Study material
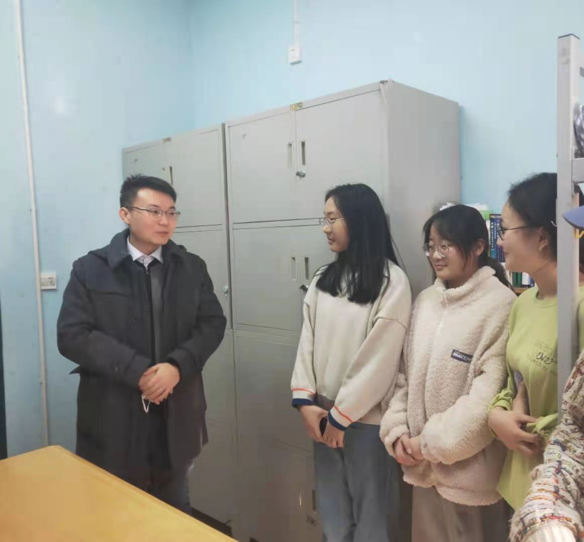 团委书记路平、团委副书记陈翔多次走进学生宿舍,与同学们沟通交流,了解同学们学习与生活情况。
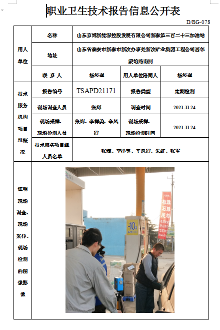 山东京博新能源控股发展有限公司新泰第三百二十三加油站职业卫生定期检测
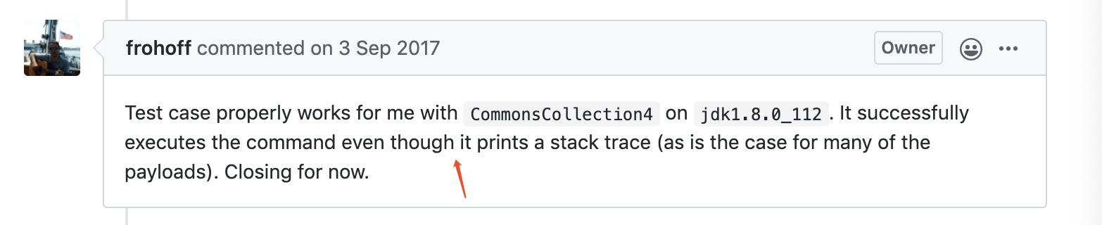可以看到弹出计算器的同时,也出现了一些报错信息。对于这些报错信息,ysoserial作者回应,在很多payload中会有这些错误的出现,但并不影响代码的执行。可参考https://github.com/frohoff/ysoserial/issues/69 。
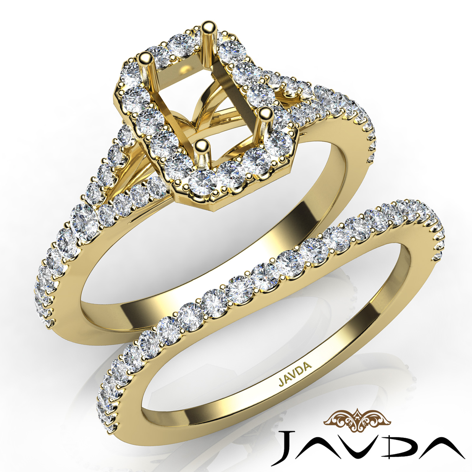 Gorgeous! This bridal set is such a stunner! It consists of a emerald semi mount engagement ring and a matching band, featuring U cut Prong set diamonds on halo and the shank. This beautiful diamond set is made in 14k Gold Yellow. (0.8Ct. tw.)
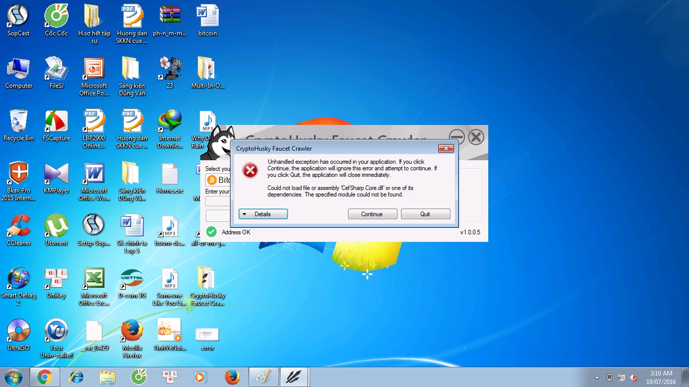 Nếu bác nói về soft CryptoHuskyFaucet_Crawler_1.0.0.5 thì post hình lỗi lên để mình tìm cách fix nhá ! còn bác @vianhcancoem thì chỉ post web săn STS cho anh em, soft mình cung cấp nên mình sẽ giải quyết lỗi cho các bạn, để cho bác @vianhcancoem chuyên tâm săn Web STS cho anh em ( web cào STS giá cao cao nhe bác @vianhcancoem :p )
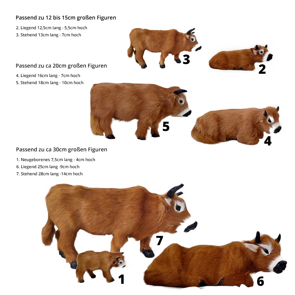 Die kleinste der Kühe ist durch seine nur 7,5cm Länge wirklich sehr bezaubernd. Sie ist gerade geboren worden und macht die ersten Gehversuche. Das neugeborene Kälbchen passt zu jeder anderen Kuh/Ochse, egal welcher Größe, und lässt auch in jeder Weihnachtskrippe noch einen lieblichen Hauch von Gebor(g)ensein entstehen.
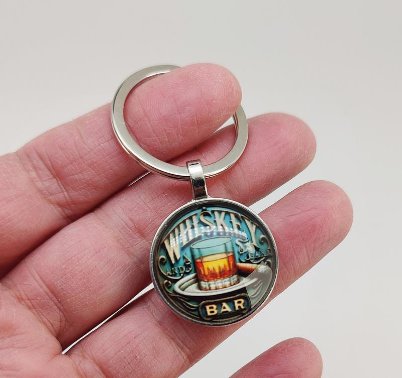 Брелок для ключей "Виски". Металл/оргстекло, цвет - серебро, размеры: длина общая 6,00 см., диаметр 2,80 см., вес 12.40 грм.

* * *

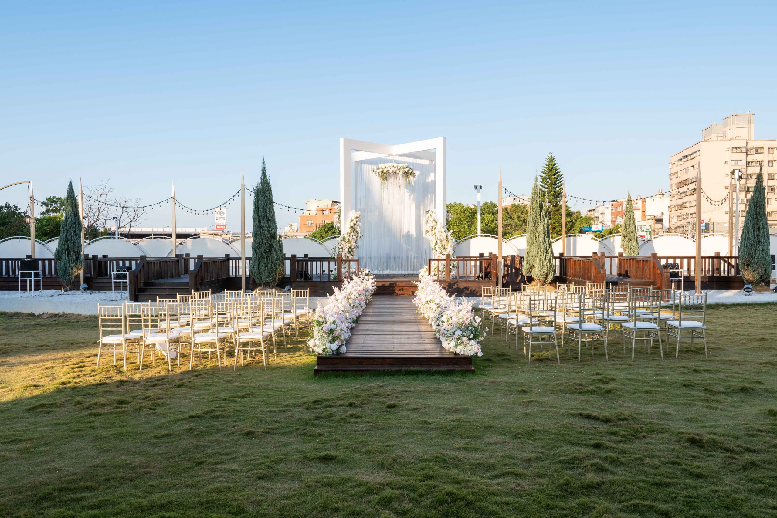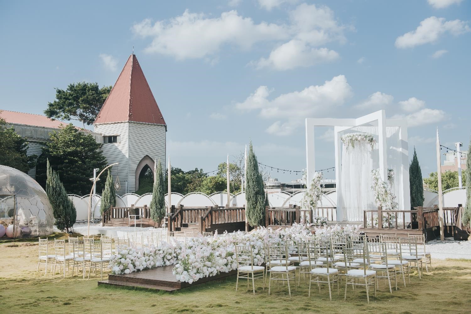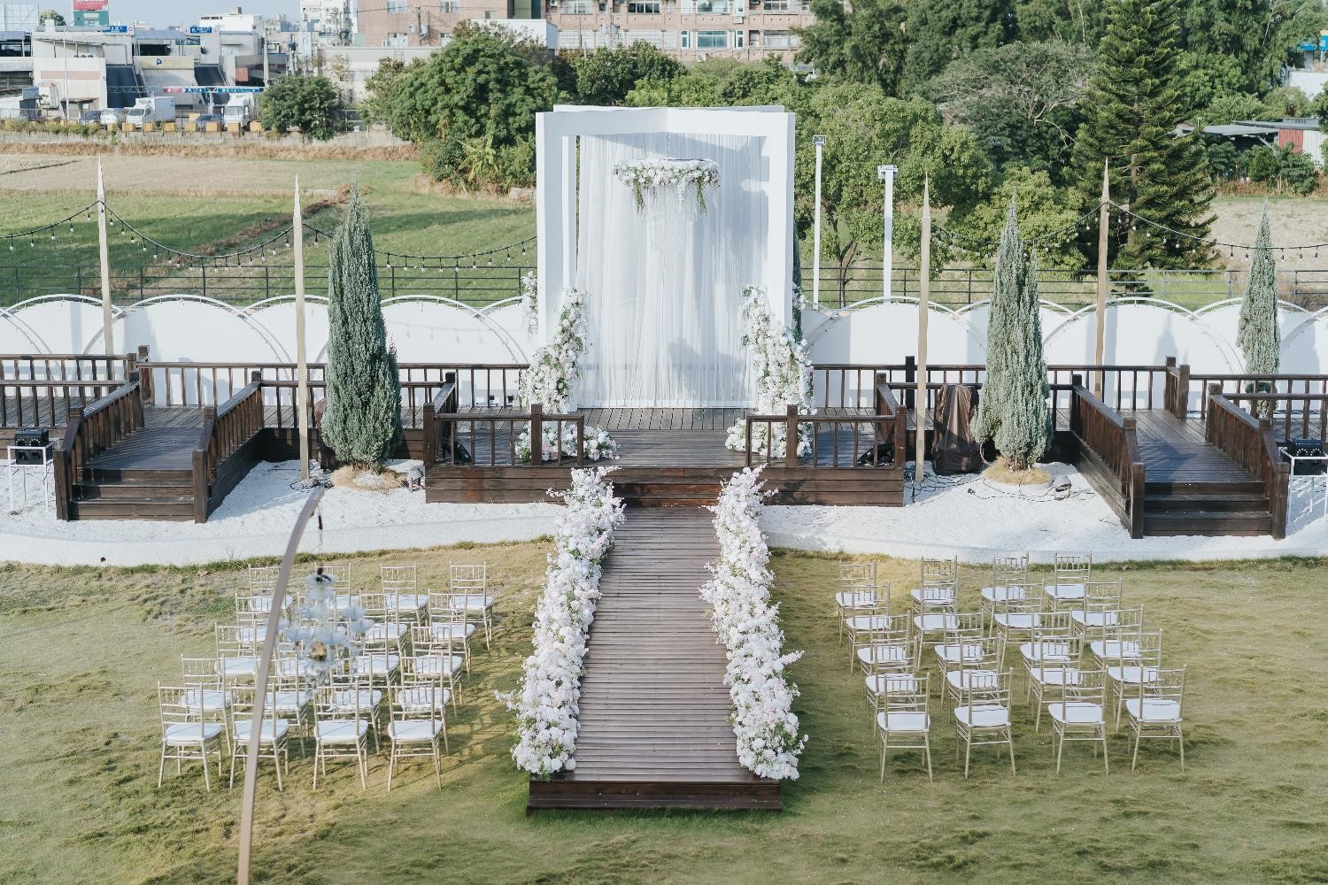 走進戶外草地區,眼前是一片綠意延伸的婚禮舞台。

Your instructions
In the entries above, find the line with "团委书记路平、团委副书记陈翔" and the line with "Брелок для ключей". Return exactly those lines and all the ones between them, pictures excluded.

Solution for this problem
 团委书记路平、团委副书记陈翔多次走进学生宿舍,与同学们沟通交流,了解同学们学习与生活情况。
 山东京博新能源控股发展有限公司新泰第三百二十三加油站职业卫生定期检测
可以看到弹出计算器的同时,也出现了一些报错信息。对于这些报错信息,ysoserial作者回应,在很多payload中会有这些错误的出现,但并不影响代码的执行。可参考https://github.com/frohoff/ysoserial/issues/69 。
 Gorgeous! This bridal set is such a stunner! It consists of a emerald semi mount engagement ring and a matching band, featuring U cut Prong set diamonds on halo and the shank. This beautiful diamond set is made in 14k Gold Yellow. (0.8Ct. tw.)
 Nếu bác nói về soft CryptoHuskyFaucet_Crawler_1.0.0.5 thì post hình lỗi lên để mình tìm cách fix nhá ! còn bác @vianhcancoem thì chỉ post web săn STS cho anh em, soft mình cung cấp nên mình sẽ giải quyết lỗi cho các bạn, để cho bác @vianhcancoem chuyên tâm săn Web STS cho anh em ( web cào STS giá cao cao nhe bác @vianhcancoem :p )
 Die kleinste der Kühe ist durch seine nur 7,5cm Länge wirklich sehr bezaubernd. Sie ist gerade geboren worden und macht die ersten Gehversuche. Das neugeborene Kälbchen passt zu jeder anderen Kuh/Ochse, egal welcher Größe, und lässt auch in jeder Weihnachtskrippe noch einen lieblichen Hauch von Gebor(g)ensein entstehen.
 Брелок для ключей "Виски". Металл/оргстекло, цвет - серебро, размеры: длина общая 6,00 см., диаметр 2,80 см., вес 12.40 грм.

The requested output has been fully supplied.